В этот раз он не идет сразу в свой домик, а приходит ко мне и показывает взглядом: «Все в порядке!»
Собаки, набегавшись, лежали у наших ног, мы сидели на бревне. Собеседник молчал. Молчание, как и тишина, имеет разные оттенки. Есть молчание: не скажу… не знаю… скажу, но за деньги. Собеседник, было видно, хотел сказать, и что-то его сдерживало.

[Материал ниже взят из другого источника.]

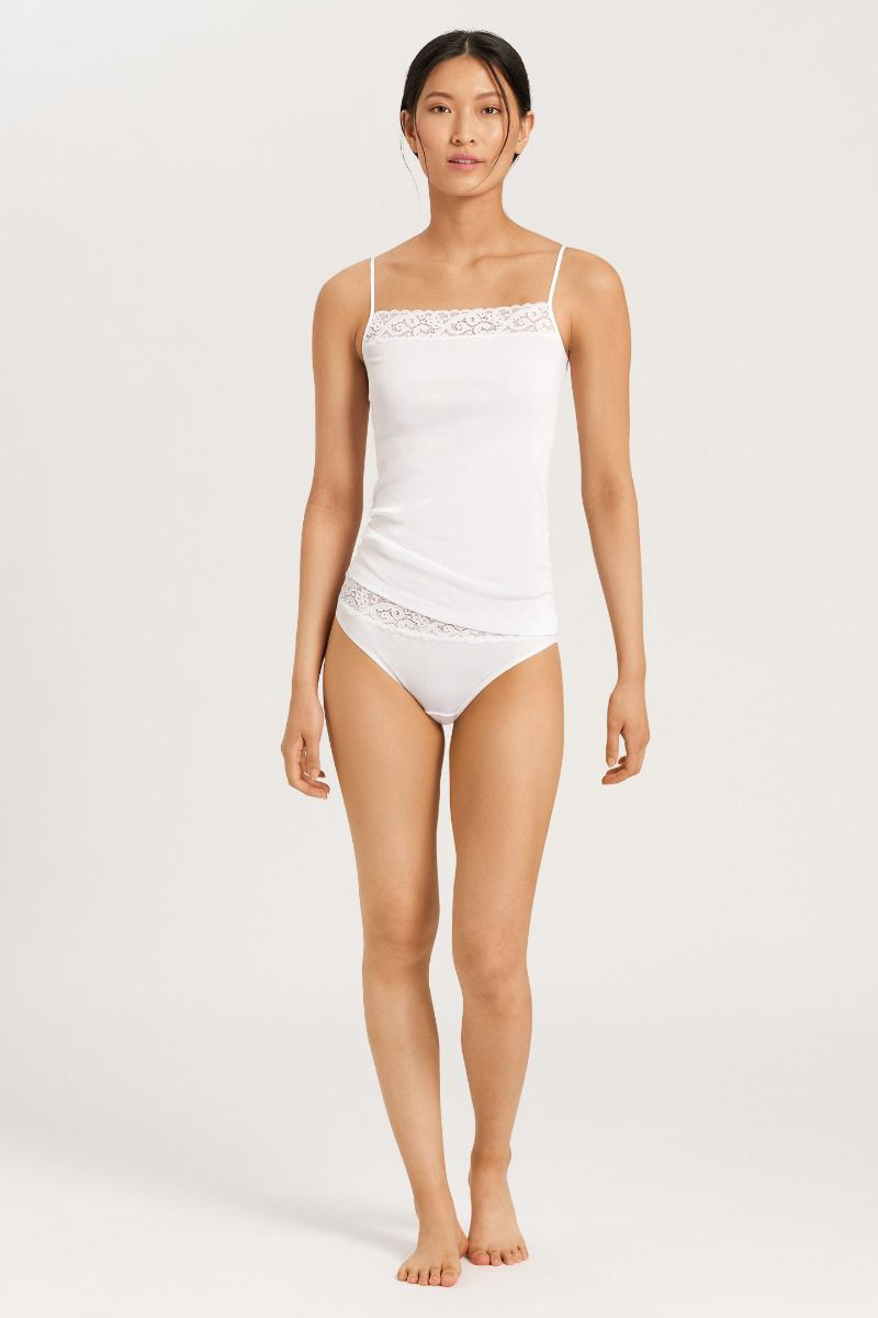 Edel und feminin – der hoch geschnittene HANRO Moments Mini Slip mit bezaubernder französischer Spitze am niedrigen Bund eignet sich perfekt zum Tragen mit niedrig geschnittenen Jeans und auf Hüfte geschnittenen Kleidungsstücken. Dieser hoch geschnittene Mini Slip besteht aus superweicher, mercerisierter 100%iger SwissCotton und verfügt über hohe Beinausschnitte, welche die Beine länger und schlanker wirken lassen.

«Иногда, – наконец произнес он, – я знаю, что будет. И не знаю, откуда я это знаю. Но я никому не говорю». «Почему?» – задал я, как мне мнилось, закономерный вопрос. Собеседник поморщился, посмотрел на собак, на глухую красно-кирпичную стену железнодорожного техникума, что ограничивала простор пустыря, и сказал: «Вот, например: я знаю, что через десять лет не будет советской власти, ну и что проку?» «Если вы знаете, почему вы?..» – Я не договорил, собеседник перебил меня. «Теперь и вы знаете!» – сказал он и с непонятным мне удовольствием засмеялся.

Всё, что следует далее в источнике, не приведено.